● **Task brief**: Within the entries below, output exactly the lines between the line containing "午前中は国立サバ大学で昆虫の" and the line containing "Silueta blanca caras", inclusive, and omit any picture.

::: Data for this exercise

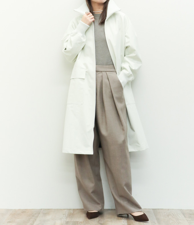 drawell ドロウェル コート レディース ロング丈 ナイロン 透湿防水 防風 UVカット リブ 3レイヤーライトシェルウェザープルーフタフタ 4-2-DW-41 アイボリー
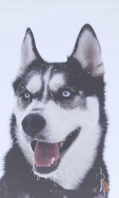 Download 240x400 husky, dog, muzzle, blue-eyed wallpaper, background nokia asha 311, samsung galaxy 580, omnia, lg kp500
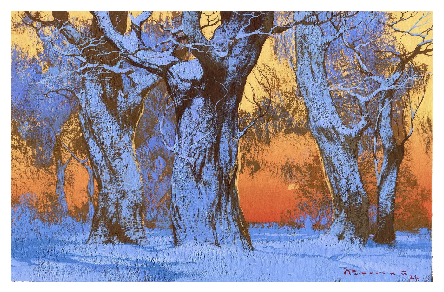 Artem Rohovyi 的創(chuàng)作核心,是對冬日枯樹的深度描摹。在他筆下,枯樹不再是生命凋零的象征,而是冬日浪漫的 “骨架”。
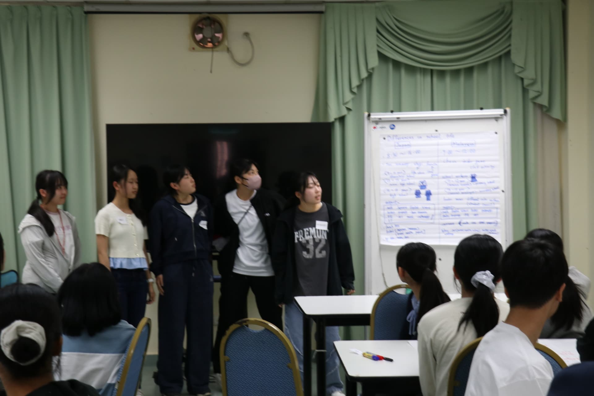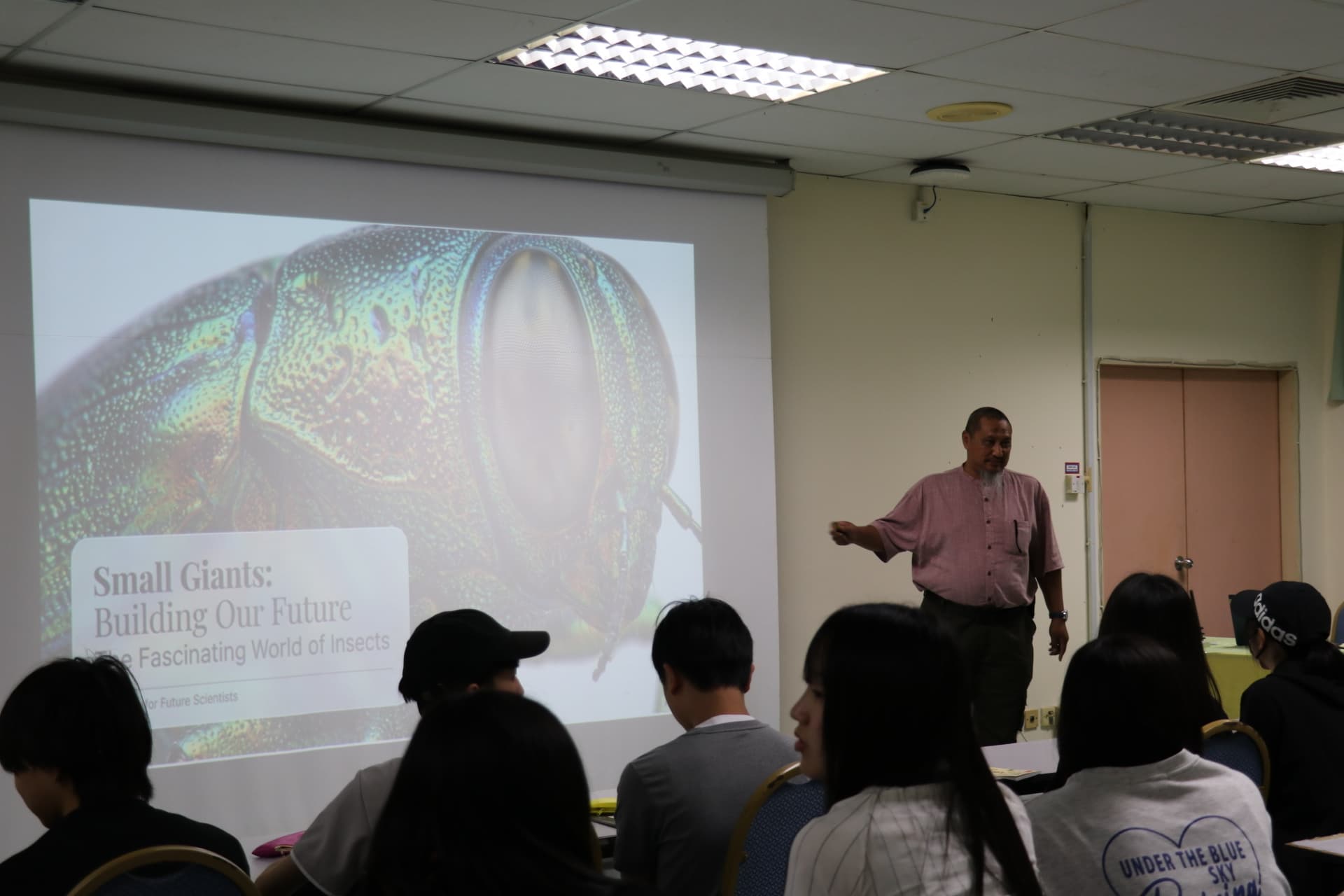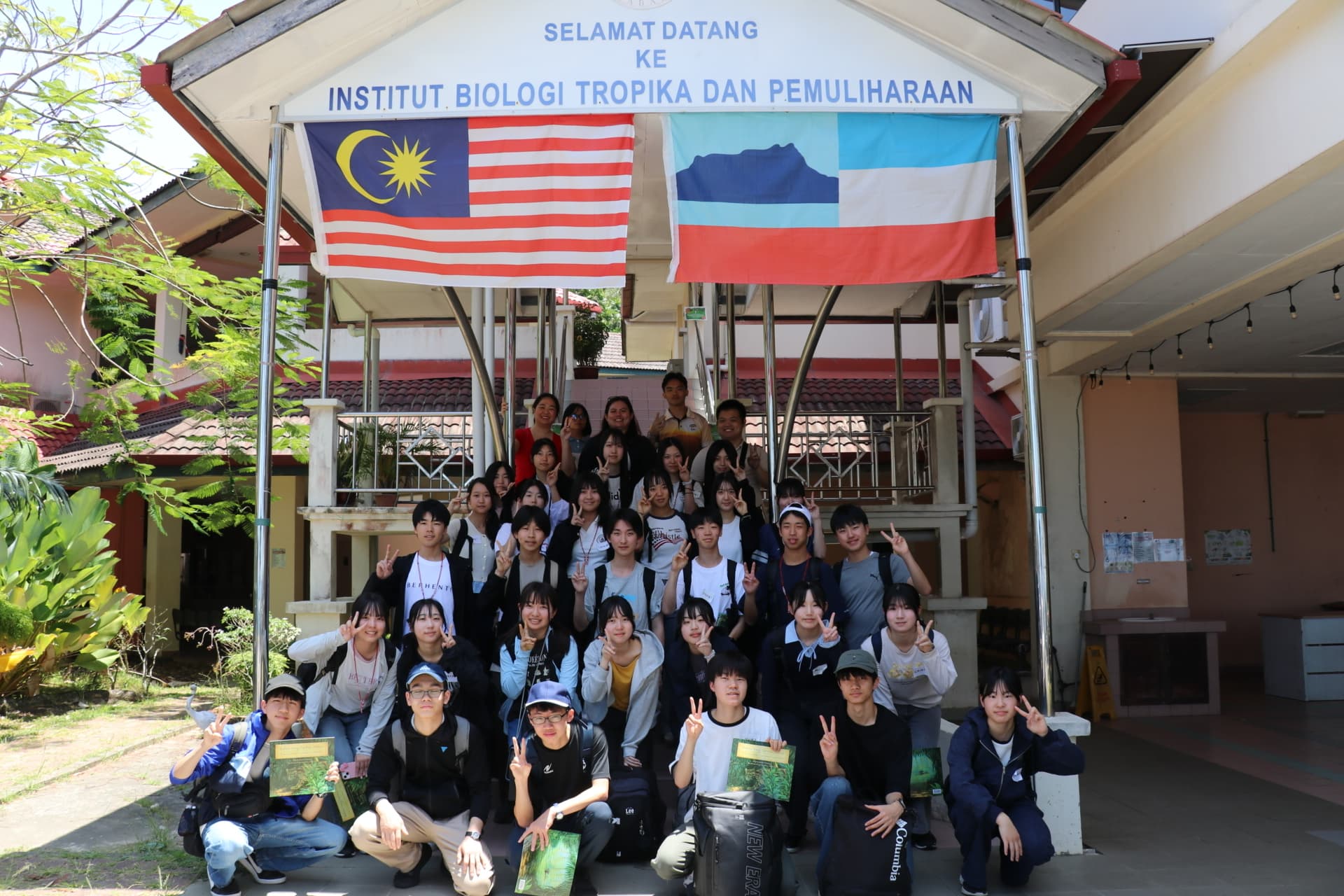 午前中は国立サバ大学で昆虫の最新科学の講義を受けました。その後、サバ大学の学生を交えて、マレーシアと日本の比較や、生物の課題について議論して、最後に班ごとに発表ました。午後は、コタキナバルハイスクールで交流しました。岐阜高校の生徒はあやとりを教えて、コタキナバルハイスクールの生徒からは、敷地内で育てているトロピカルフルーツを見せてもらい、いくつかは試食させてもらいました。
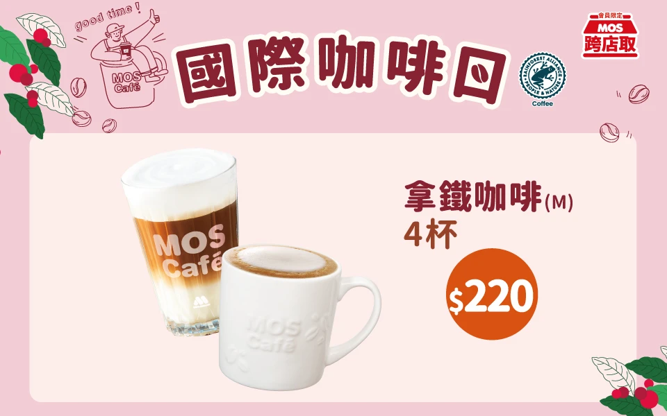10月4日至10月15日期間,咖啡優惠再加碼,「大杯摩斯咖啡與經典奶茶任選2杯優惠70元」,還有「冰橙咖啡第2杯10元,兩杯85元」。MOS Order App跨店取則推出大杯摩斯咖啡買6送4,中杯拿鐵4杯優惠價220元。
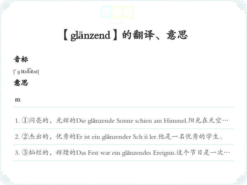 ①闪亮的,光辉的Die glänzende Sonne schien am Himmel.阳光在天空中闪耀。
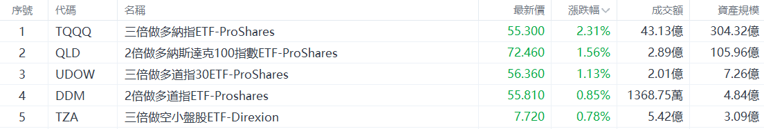 $2倍做多纳斯达克100指数ETF-ProShares (QLD.US)$ 升1.56%,成交额2.89亿美元。
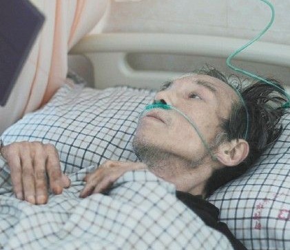 在合肥市三院呼吸科病房,记者看到了吕大爷,他十分瘦弱。
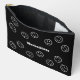 Silueta blanca caras alegres sobre un fondo negro GRAN bolsa accesoria. Tanto el color de las caras, el texto y el fondo felices se pueden colorear como se desee utilizando la herramienta de 'edición de diseño' de la plantilla. Viene en pequeño también, por favor vaya aquí para otras opciones: https://www.zazzle.com/collections/pouches_cosmetic_or_toiletries_bags-119531158092049477?rf=238986706153284958 Diferentes colores y diseños disponibles.
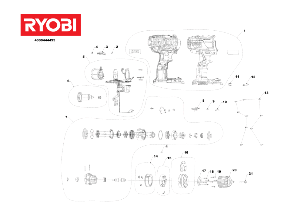 Ersatzteile für Bohrschrauber R18DDBL-LL15S (4000444495 5133002532) von Ryobi:
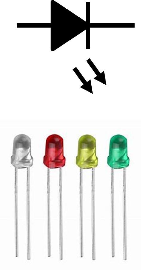 電流が流れることで光を発生する素子になります。いわゆるLEDです。回路記号と電子部品の概形を図13に示します。
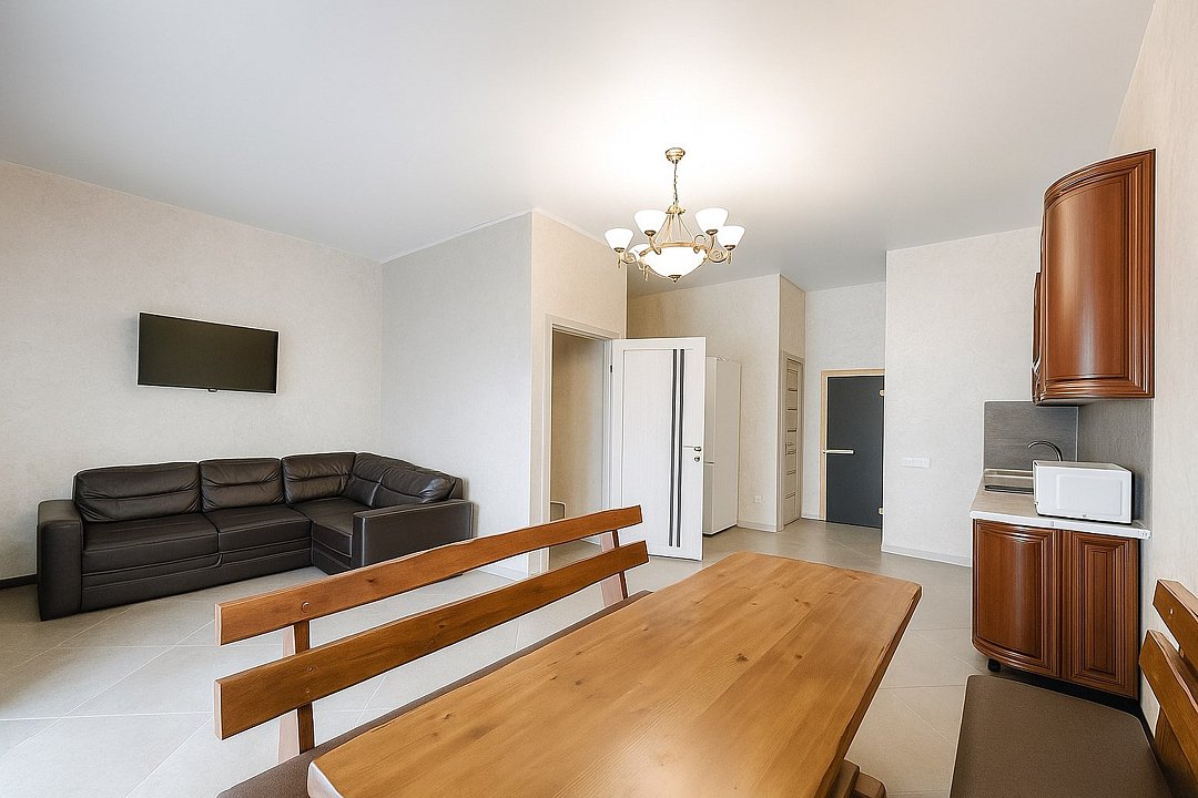 Коттедж имеет две отдельные комнаты и одну общую комнату. Есть своя своя баня оплачивается отдельно. Бассейн в шаговой доступности. Коттедж имеет все необходимое для отдыха до 8 человек.Услуги и удобства
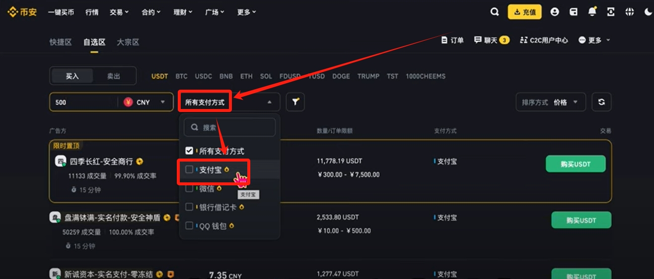 不同的是我们点击这里的【卖出】,币种还是选择USDT。你同样可以在这里筛选一下要交易的金额,然后在后面选择一下你的收款方式。
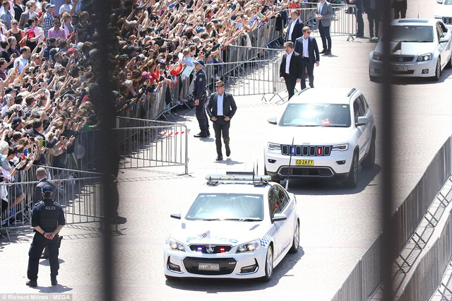 Chuyến thăm của Hoàng tử và Công nương được cảnh sát bảo vệ rất nghiêm ngặt. Australia đã huy động lực lượng an ninh dày đặc để đảm bảo sự an toàn cho cặp đôi Hoàng gia. (Ảnh: MEGA)
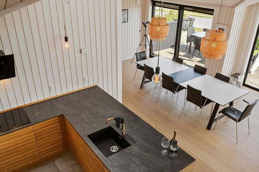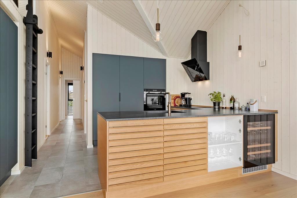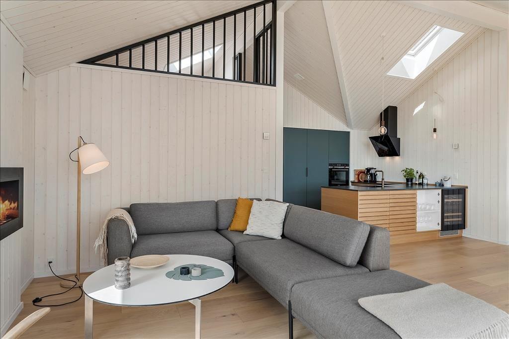 Wenn du das Haus betrittst, empfängt dich ein heller, großzügiger Wohnbereich mit Fenstern, die die blauen Nuancen der Küstenlandschaft einfangen. Alles ist durchdacht eingerichtet, damit du den Alltag hinter dir lassen und stattdessen Momente voller Gespräche, Lachen und entspannter Gemeinschaft genießen kannst. Küche und Wohnbereich gehen harmonisch ineinander über und bieten Platz für gemeinsame Stunden ebenso wie für kleine Pausen zwischendurch. Weiche Materialien und sorgfältig ausgewählte Details schaffen eine Atmosphäre, die dich warm willkommen heißt. Du kannst deinen Blick über das Meer und die sanften Wellen schweifen lassen, während der Abend sich senkt, die Lichter angehen und Ruhe dich umgibt.

::::::

● **Task result**:
 午前中は国立サバ大学で昆虫の最新科学の講義を受けました。その後、サバ大学の学生を交えて、マレーシアと日本の比較や、生物の課題について議論して、最後に班ごとに発表ました。午後は、コタキナバルハイスクールで交流しました。岐阜高校の生徒はあやとりを教えて、コタキナバルハイスクールの生徒からは、敷地内で育てているトロピカルフルーツを見せてもらい、いくつかは試食させてもらいました。
10月4日至10月15日期間,咖啡優惠再加碼,「大杯摩斯咖啡與經典奶茶任選2杯優惠70元」,還有「冰橙咖啡第2杯10元,兩杯85元」。MOS Order App跨店取則推出大杯摩斯咖啡買6送4,中杯拿鐵4杯優惠價220元。
 ①闪亮的,光辉的Die glänzende Sonne schien am Himmel.阳光在天空中闪耀。
 $2倍做多纳斯达克100指数ETF-ProShares (QLD.US)$ 升1.56%,成交额2.89亿美元。
 在合肥市三院呼吸科病房,记者看到了吕大爷,他十分瘦弱。
 Silueta blanca caras alegres sobre un fondo negro GRAN bolsa accesoria. Tanto el color de las caras, el texto y el fondo felices se pueden colorear como se desee utilizando la herramienta de 'edición de diseño' de la plantilla. Viene en pequeño también, por favor vaya aquí para otras opciones: https://www.zazzle.com/collections/pouches_cosmetic_or_toiletries_bags-119531158092049477?rf=238986706153284958 Diferentes colores y diseños disponibles.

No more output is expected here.